One of the junior hunters answered, “We had a member of the help come over for identification. Definitely not his. He’s on holiday. Been gone ten days, at least a day before the body expired. At least, according to the preliminary -”
“When was the Arl due back?” Sarzhen said, looking pointedly at Nizola.
Nizola licked her thumb and went through her notes. “Ah…. Not for another eight days. Of course, they have been notified and are on the way back now.”
“I notified them, sera!” the young officer said, and Sarzhen scowled. “Good for you, you want a biscuit?”
The officer shrank back.
Sarzhen said, “Where have they been?”
“I think, ahh….” Nizola said, “the south. Sixton Perry Way?”

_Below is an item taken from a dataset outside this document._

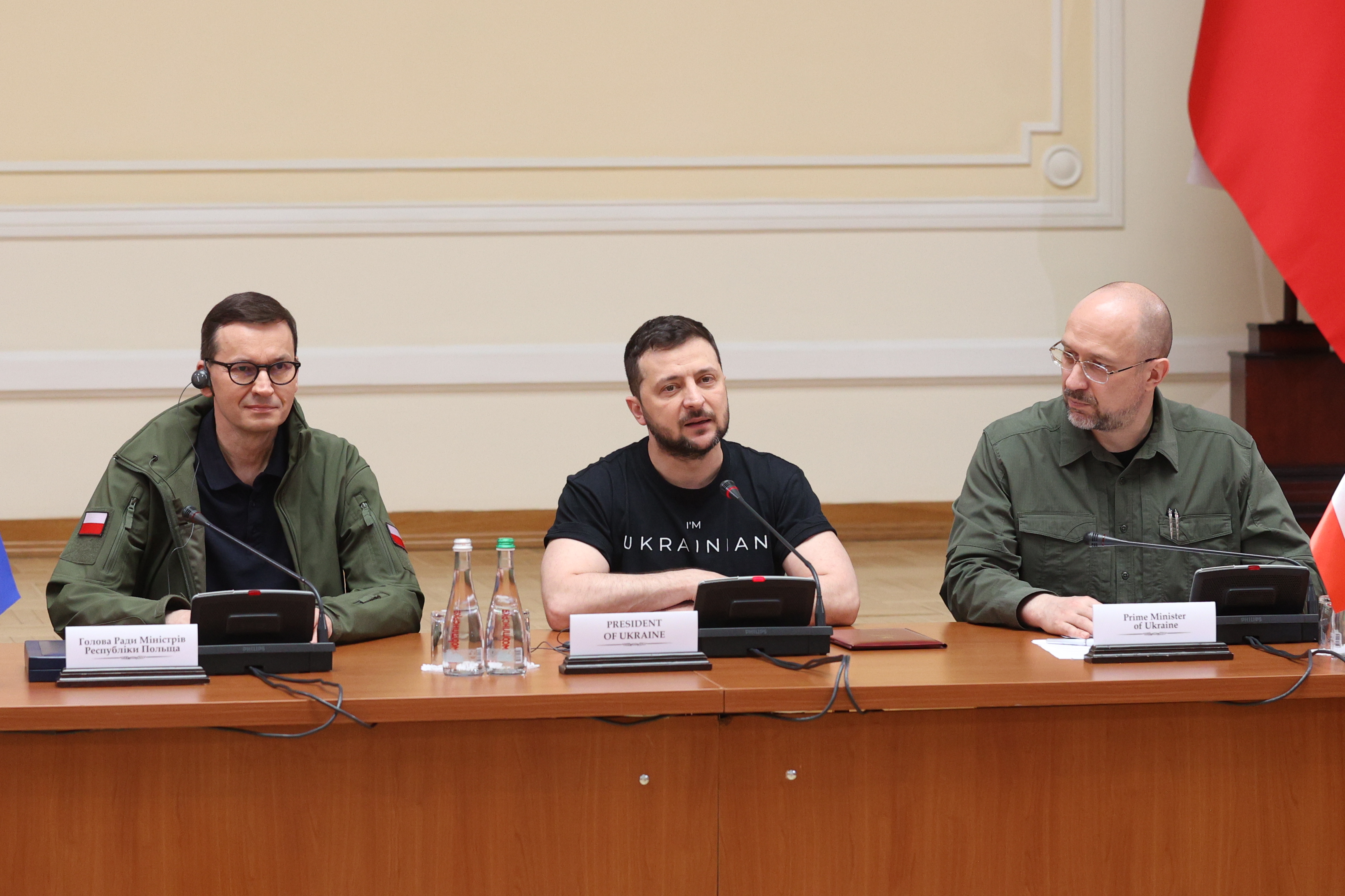 폴란드 총리 모라비에츠키, 우크라이나 대통령 볼로디미르 젤렌스키와 우크라이나 총리 데니스 슈미할이 2022년 키예프에서 열린 정부 간 협의에서 대화하고 있다.

“You know or you don’t, Swarl.”
Nizola squinted at her notes. “I know. sera. That is, it’s in the notes.”
“Unbelievable,” Sarzhen muttered.
“It’s just… you’re speaking very fast, sera,” Nizola said.
“Then keep up, Swarl.”
Sarzhen regarded the body. Barring an ensorcelled curse or intervention, the internal organs would have begun to decompose in the first two or three days. Sarzhen noted traces of bloody foam around the nose and mouth which would occur as soon as two or three days out in the heat, but here inside the unnaturally cold house, it could have occurred at day five or even six. The body had a greenish cast, bloated, as the blood decomposed and the abdomen continued to fill with gas. Sarzhen was relieved per would not be moving this body. Just behind per, Nizola made a gagging sound. Sarzhen pushed the ear back, gently, looking for tattoos or markings.
“No identification?” per said.
“No, sera,” Nizola coughed. Furrowed her brows. “Strange, sera.”
“What’s that?” Sarzhen continued to poke about the fleshy body, looking for identifying marks.
“There’s no insect activity. Even in a house like this, sera, you’d expect a few creepy-crawlies.”
“So you would.”
Sarzhen pushed up the sleeve covering the body’s left arm. While the flesh was bloated and turning green, there was still a tattoo just visible: the double ivy circle of the Order of the Tree of the Gracious Death. And one triangle, signifying a Plague Giver brought to justice.
“This is indeed not the Arl,” Sarzhen said, pushing up to per feet, “unless the Arl was a Plague Hunter and none of us knew about it. These are the tattoos of a Hunter who has taken in a Plague Giver. What fool thought it was anything but?”
“Oh no,” Nizola said. “A Plague Hunter. One of our own?”